Pages

Minggu, 05 Juni 2016

Penduduk Jepang hampir punah

#30harimenulis 2016

tema hari ke-5: berita yg kamu baca hari ini dan pendapatmu mengenainya.

*ubek-ubek berita online*

*ubek-ubek lagi*

Belum ada yang pengen saya komentarin.

Lalu hati ini jatuh pada foto senyum anak lelaki kecil bermata sipit. Sedang mengacungkan dua jarinya tanda "peace" headline di bawahnya bertajuk: "Permintaan maaf dari ayah yang meninggalkan anaknya di hutan."

APA??
Saya pun berkeinginan untuk tahu lebih banyak isi beritanya. Ada beberapa link yang saya buka terkait dengan berita tersebut.

Jadi, awalnya orang tua anak tsb enggak ngaku kalau sengaja meninggalkan anaknya. Hanya lapor kehilangan anak di hutan. Hati nurani emang enggak bisa bohong. Mungkin karena dihantui rasa bersalah, akhirnya orang tua tersebut mengaku bahwa anaknya ditinggal sebagai hukuman karena nakal.

Selama seminggu Yamato Tanooka, 7 tahun, bertahan hidup di hutan hanya dengan minum air selama sepekan. Banyak pihak yang terlibat dalam pencariannya. Dan akhirnya ia ditemukan dekat barak militer.

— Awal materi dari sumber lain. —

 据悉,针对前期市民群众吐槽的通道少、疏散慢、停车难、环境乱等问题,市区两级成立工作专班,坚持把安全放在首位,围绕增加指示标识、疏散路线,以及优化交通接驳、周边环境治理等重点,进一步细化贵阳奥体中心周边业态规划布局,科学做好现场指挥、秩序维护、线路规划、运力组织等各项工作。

Penemuan Yamato bahkan dianggap keajaiban karena Jepang tengah memasuki musim dimana buah dan sayuran yang dapat dikonsumsi sulit ditemukan.

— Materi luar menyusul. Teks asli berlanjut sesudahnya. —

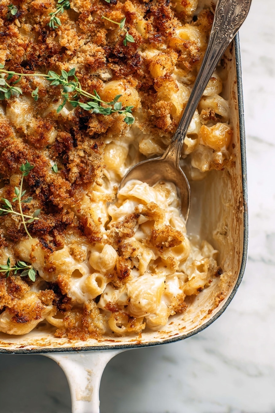 I always sprinkle fresh thyme on top just before serving—its bright, slightly minty flavor really cuts through the richness. Sometimes I add a little extra cracked black pepper or a tiny drizzle of good olive oil for shine and depth. Don’t skip the crunchy breadcrumb topping; it’s the perfect savory contrast to the creamy sauce and melt-in-your-mouth pasta.

Sebelum sok-sok menghakimi orang tua Yamato (yang walaupun wajar kalau menganggap tindakan menghukum anaknya enggak lucu), saya berusaha untuk mencari-cari referensi tentang gimana sih orang-orang menganggap anak atau pernikahan itu.

Dulu saya punya teman orang jepang yg mengatakan bahwa buat orang jepang menikah apalagi punya anak adalah suatu hal yang dianggap beban banget. Bikin mikir ribuan kali sebelum memutuskan menikah apalagi punya anak.

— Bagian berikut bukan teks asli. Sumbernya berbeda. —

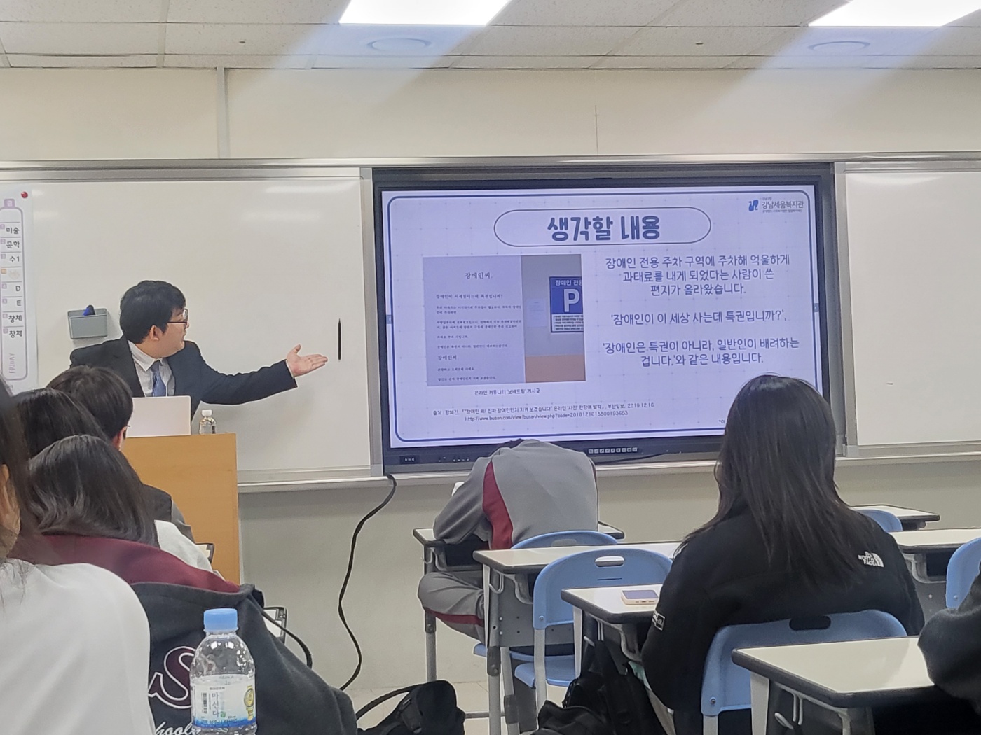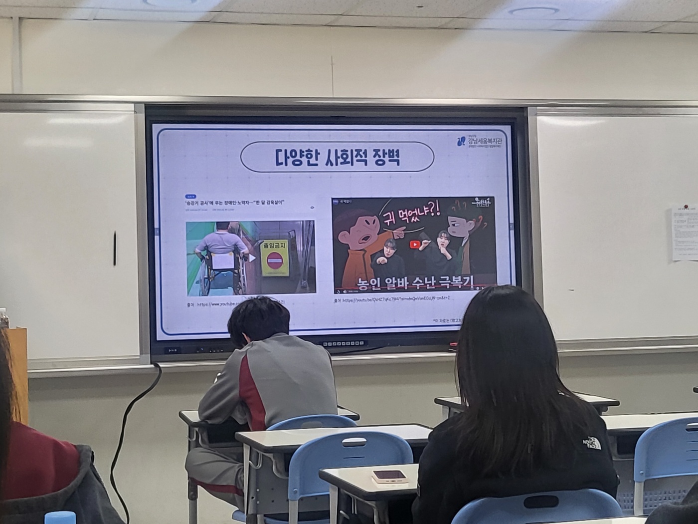 풍문고등학교 <풍문 프로젝트> 참여 학생과 함께하는 『소통을 중심으로 배우는 장애인식개선』 교육이 진행되었습니다. 1회기는 사회적 장벽, 장애인과 비장애인의 사회적 인식, 에티켓, 그리고 정보 전달을 위한 쉬운 글쓰기 방법을 살펴보며, 장애에 대한 이해와 실질적인 방법을 알아보는 시간을 가졌습니다. 앞으로도 회기별 교육을 통해 장애에 대해 더 잘 이해하고 자연스럽게 소통할 수 있도록 알차고 도움이 되는 시간을 만들어갈 예정입니다. 강남세움복지관 장애인식개선교육에 많은 관심 바랍니다.

Dan saya menemukan artikel yang mengiyakan hal tersebut. Bahkan orang Jepang terancam hampir punah karena penduduknya malas menikah. Sebagian menganggap karena mereka lebih mementingkan pekerjaan atau pendidikan daripada rumah tangga.

Ini yang paling bikin bulu kuduk merinding. Ai Aoyama penasihat Jepang terkenal mengatakan bahwa :
"Benar sekali anak muda Jepang malas sekali atau enggan menikah, baik laki-laki maupun wanita. Yang lelaki tampaknya seperti ingin menjadikan wanita seperti binatang peliharaan."

Huffttt. Miris. Ah syudalah. Again, setiap orang boleh punya standard dan nilai-nilai yang mereka anut seperti apa. Yang jelas saya tidak mengamini tindakan tersebut.

Balik lagi tentang anak yang dihukum dengan ditinggal di hutan, saya jadi manggut-manggut sekarang. Fakta-faktanya jelas. Anak dianggap beban. Budaya Indonesia yang menganggap banyak anak banyak rejeki jelas berbeda sama budaya Jepang.

Setelah baca berita ini tiba-tiba saya semakiiin bersyukur diajak nikah cepat pada waktu itu oleh suami saya. Loh?? Loh iya kan.. seengganya suami saya berani mengambil resiko untuk mengemban tanggungjawab berumahtangga yang memang sangatlah berat. Yang orang Jepang anggap menyusahkan.

*keprok buat semua lelaki yang gentleman melamar pujaan hatinya. Menikahinya dan berjanji membahagiakannya.*Uhukkk

Sekian.
**Peluk dulu suami tercinta kalian terus bilang: Makasiiiih udah lebih berani daripada orang Jepang. hehehe.